Even though Amy Seeboth isn’t on the Common Council, Seeboth is already involved in city organizations. The UW–Platteville sustainability coordinator is on the Main Street Program sustainability committee, the Platteville Community Arboretum Board, and the city’s Extraterritorial Zoning Board of Appeals.
But Seeboth believes that to say she’s the establishment candidate for the council is “overstated. I think there’s always room for improvement on different issues. I don’t agree with everything that’s been done.
“Most importantly, I work for myself — certainly I work for the university, but my role on the council is to respect the whole community, not just a special interest.”
One area Seeboth sees a need for improvement is communicating with city residents “to explain why decisions are made, and to make people aware of how decisions are made before the decision is made.”
Seeboth also said the council needs to “take an approach that’s not adversarial ... to try to listen to each other better.”
Seeboth has lived in Platteville since she came here to work with the Southwest Wisconsin Regional Planning Commission.
“I enjoy being in Platteville,” said Seeboth. “I’ve done a fair amount of community volunteerism in the past, I enjoy it, and I’d like to continue to help make Platteville a great place to live.”
Seeboth is particularly interested in getting young professionals to Platteville, and in getting UW–Platteville graduates to stay in Platteville.
“I think a lot of them would like to stay in Platteville, and a big factor is whether they can find a job here,” she said. “We’re exporting our assets.

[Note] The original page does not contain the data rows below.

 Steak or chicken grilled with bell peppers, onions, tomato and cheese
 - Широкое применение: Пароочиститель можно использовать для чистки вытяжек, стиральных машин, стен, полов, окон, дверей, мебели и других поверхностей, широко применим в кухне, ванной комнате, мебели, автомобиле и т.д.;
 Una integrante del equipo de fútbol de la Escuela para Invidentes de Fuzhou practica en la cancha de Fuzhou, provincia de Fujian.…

A lot of employers would love to have assets like UWP, but you have to be able to provide them with quality of life.”
Seeboth mentioned the city’s housing stock, the PCA Trail, restaurants and recreational opportunities — “and in a small town like Platteville, we continually struggle with providing that resource,” she said.

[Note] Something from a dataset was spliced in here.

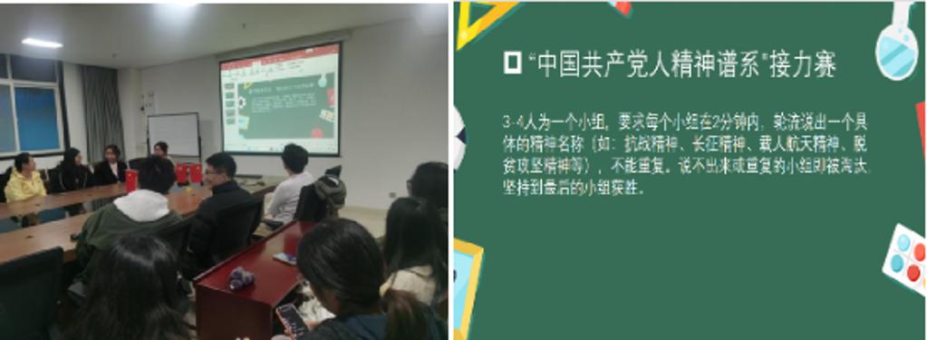 会议伊始,党支部副书记熊家樱作开场发言,阐述了本次学习会的目的与意义。为活跃气氛,会议设置了三个破冰环节。首先进行的是“快速问答接力”。“我是李选聪,来自山东,研究方向是金属材料制备及性能研究,希望未来能为国家科技进步贡献力量!”紧接着,由李选聪指定下一位接力者。会场气氛瞬间活跃,应答声此起彼伏……通过短短几分钟的接力,同志们不仅快速熟悉了彼此的基本信息,更在“我是谁、从哪来、到哪去”的思考中,初步明确了个人发展与国家需要的连接点。随后进行的“寻找共同点:我们的三个共同标签”环节,将现场气氛推向一个小高潮。同志们离开座位,积极寻找身边的的同伴交流。几分钟后,分享环节惊喜不断:“我们发现我们都喜欢《平凡的世界》这本书,都被那种奋斗精神感动”“我们俩都热爱跑步,约好以后一起晨练”……这些超越党员和研究生身份的“共同标签”,迅速增进了同志们之间的亲切感,为后续深入讨论奠定了良好基础。最后,“中国共产党人精神谱系接力赛”将破冰活动与理论学习巧妙衔接。与会党员被分为五组,围绕“中国共产党人的精神谱系”主题展开激烈角逐。“长征精神”“延安精神”“抗战精神”“‘两弹一星’精神”“载人航天精神”“脱贫攻坚精神”……各组队员争分夺秒,群策群力,展现了对党的伟大精神的深刻理解。熊家樱同志在总结中强调,这些精神是激励我们不断前进的宝贵财富,并引出了本次核心学习的内容。

As for housing, she said, “Incentives are huge, to make sure we make processing and permitting easy to remodel existing homes. Promoting what we already do would be a good start.”
Seeboth suggested patterning Platteville efforts on two growing Iowa communities, Decorah, which is smaller than Platteville, and Fairfield, a university town.
“We need to create a robust economy, not just a tourist economy,” she said. “Having tourism is good, but we should be investing in the residents who are here.”
Seeboth believes the city needs to take more of a leadership role in economic development, even if that role isn’t always visible.
“The city sets the tone for the community in a lot of ways,” she said. “The chamber, the [Platteville Area Industrial Development Corp.] all look to the city, and the city has to set the tone … and work with business and help them locate in Platteville.
“It’s difficult to measure economic development strides. It’s great when the jobs come in, but a lot of economic development happens before the jobs come in.”
Seeboth added that business prefer stability in government and policy.
“They want to know that business incentives are stable so that things aren’t going to change overnight,” she said. “We need to look to each other and make decisions in the best interests of the community. … leaders who can work together and not be adversarial.”
Seeboth believes the city needs to work with the Fire Department and Platteville EMS to “find a solution to meet their needs and the city’s needs.” As for city and county dispatch, she said it’s “good to consolidate where you can, but you have to make sure the city gets service out of consolidation.”
In keeping with her UW–Platteville position, Seeboth said the city should “use the resources you have in the most wise way possible … it’s in every-day decisions – buy locally as much as possible, frequent each other’s businesses.
“It’s really important to have a vision with top priorities, and we pursue those goals. You need to have a plan and work toward those goals and how to make those happen.”
Seeboth is optimistic about the city’s future.
“It’s an exciting time to be in Platteville,” she said. “The growth of the university has brought a lot of potential resources. And it’s up to the community to make the best use of the resources and to position Platteville ahead of our peers.”